Segment Open

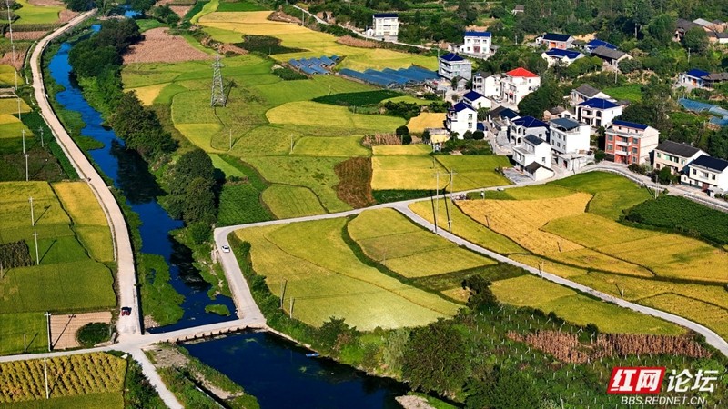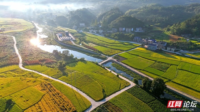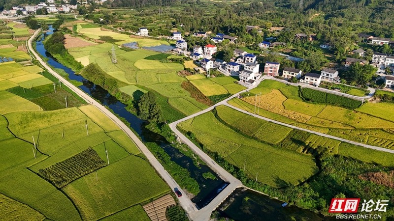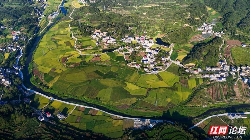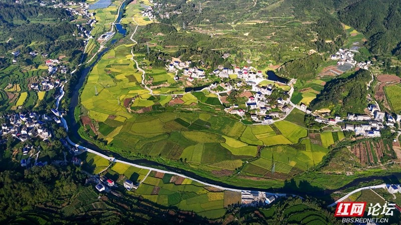金秋时节,沿猛洞河自石堤镇向西湖方向下行十公里,沿途山峦起伏、村庄错落、河流蜿蜒、田园如画。青山叠翠、碧水潺潺、白墙黛瓦、金色稻浪交织成一幅浓墨重彩的乡村画卷,被誉为“溪州大地的十里画廊”。
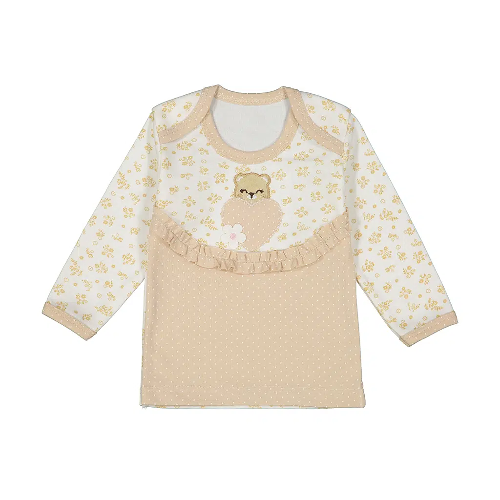 تولیدی بیبی ست این رنگبندی سفید و کرم را در سال ۱۴۰۴ بهعنوان ترند اصلی لباس نوزادی مطرح کرده است. این بلوز یکی از پرفروش ترین طرح ها بوده و در کنار طرح گلریز و گلدوزی خرسی، فوراً چشم را میگیرد. با یقه گرد، تعویض لباس را در به راحتی انجام میدهد و دوخت تمیز و بادوام لباس هم کاری میکند که حتی بعد از شستشوهای مکرر، همان کیفیت و زیبایی روز اول را حفظ کند.
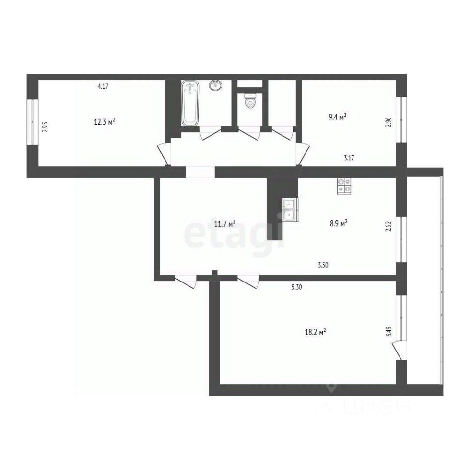 О квартире: - общая площадь 65,7 кв.м. - просторная кухня 8,9 кв.м.
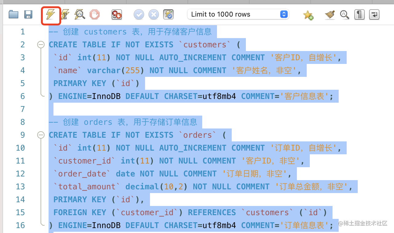 这节我们创建了一个新的 database 并且新增了 customers、orders、order_items 表来练习 sql。
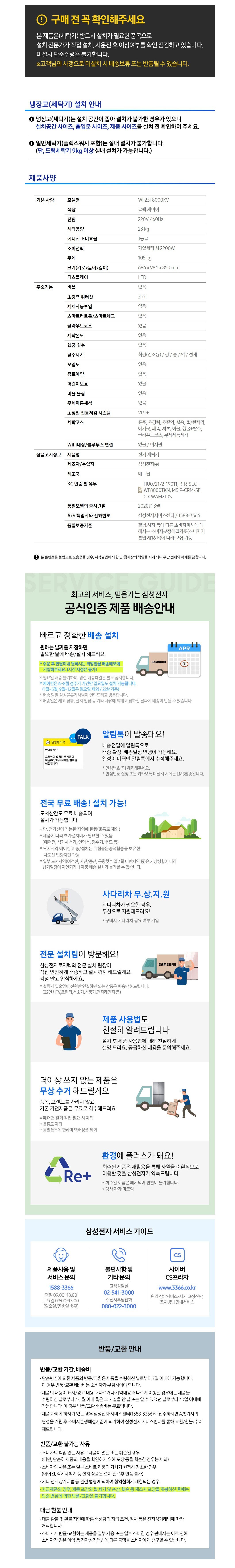 [삼성전자] 그랑데 버블워시 드럼세탁기 WF23T8000KV [세탁용량: 23kg] [삼성 공식인증점][전국 무료 배송 설치]
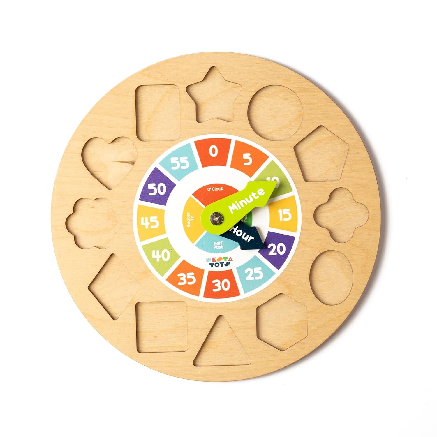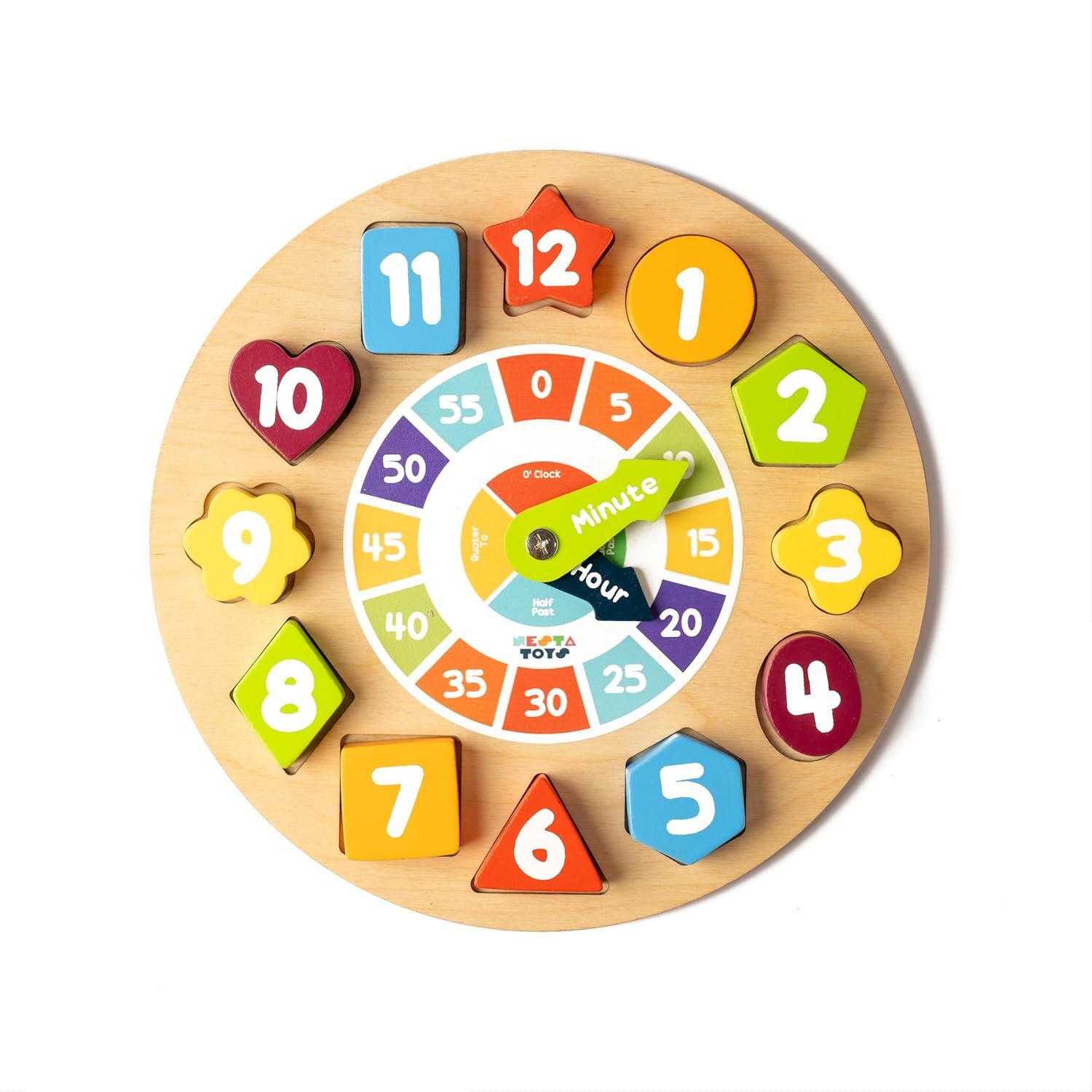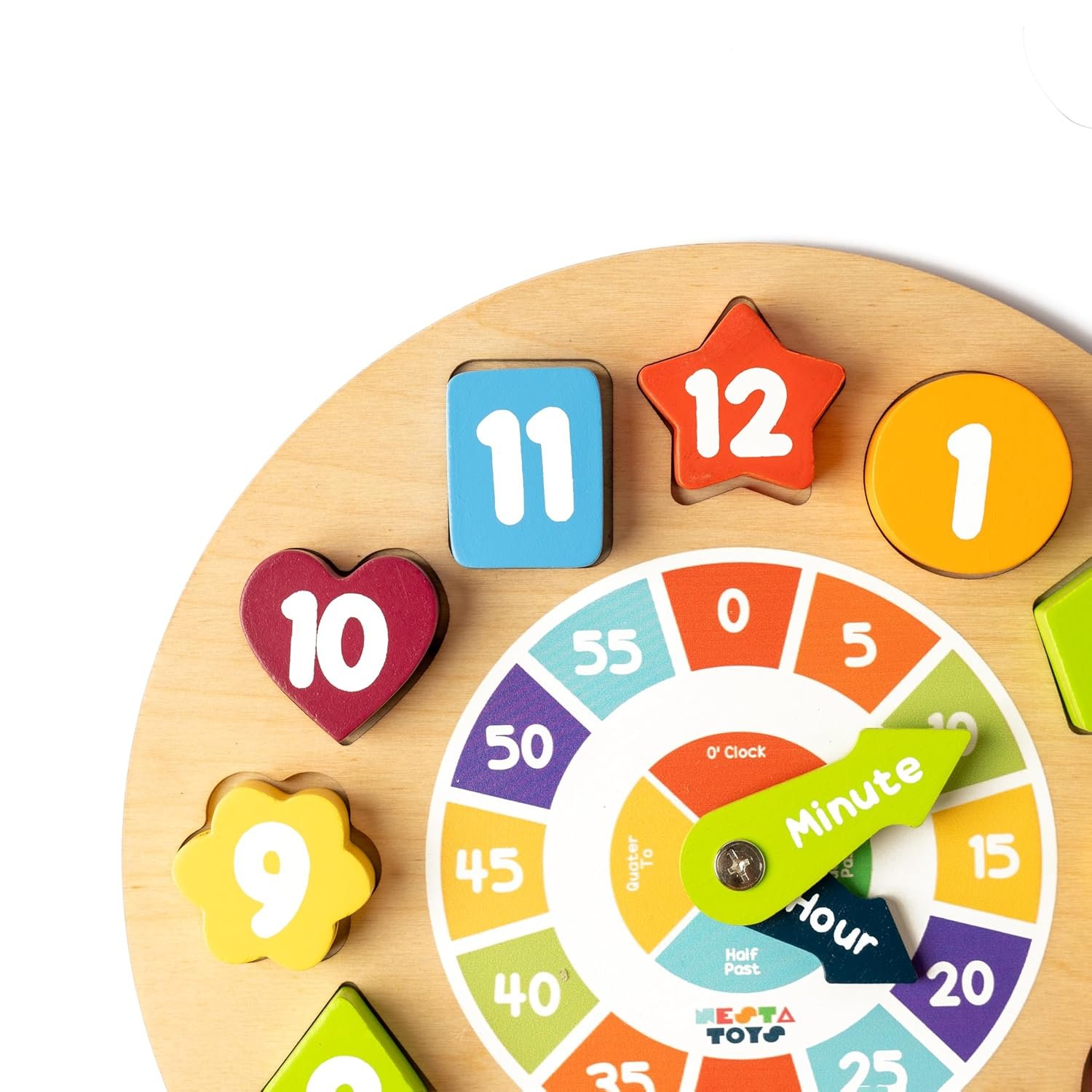 NESTA TOYS – Wooden Clock Toy, Shape Sorting Educational Toy, Montessori Learning Baby Toys, Ideal Gift for Toddlers (3+ Years)

Segment Closed

YOUR TASK - Output all the entries above verbatim, please. No images.

OUTPUT FOR THIS EXERCISE -
金秋时节,沿猛洞河自石堤镇向西湖方向下行十公里,沿途山峦起伏、村庄错落、河流蜿蜒、田园如画。青山叠翠、碧水潺潺、白墙黛瓦、金色稻浪交织成一幅浓墨重彩的乡村画卷,被誉为“溪州大地的十里画廊”。
 تولیدی بیبی ست این رنگبندی سفید و کرم را در سال ۱۴۰۴ بهعنوان ترند اصلی لباس نوزادی مطرح کرده است. این بلوز یکی از پرفروش ترین طرح ها بوده و در کنار طرح گلریز و گلدوزی خرسی، فوراً چشم را میگیرد. با یقه گرد، تعویض لباس را در به راحتی انجام میدهد و دوخت تمیز و بادوام لباس هم کاری میکند که حتی بعد از شستشوهای مکرر، همان کیفیت و زیبایی روز اول را حفظ کند.
 О квартире: - общая площадь 65,7 кв.м. - просторная кухня 8,9 кв.м.
 这节我们创建了一个新的 database 并且新增了 customers、orders、order_items 表来练习 sql。
 [삼성전자] 그랑데 버블워시 드럼세탁기 WF23T8000KV [세탁용량: 23kg] [삼성 공식인증점][전국 무료 배송 설치]
 NESTA TOYS – Wooden Clock Toy, Shape Sorting Educational Toy, Montessori Learning Baby Toys, Ideal Gift for Toddlers (3+ Years)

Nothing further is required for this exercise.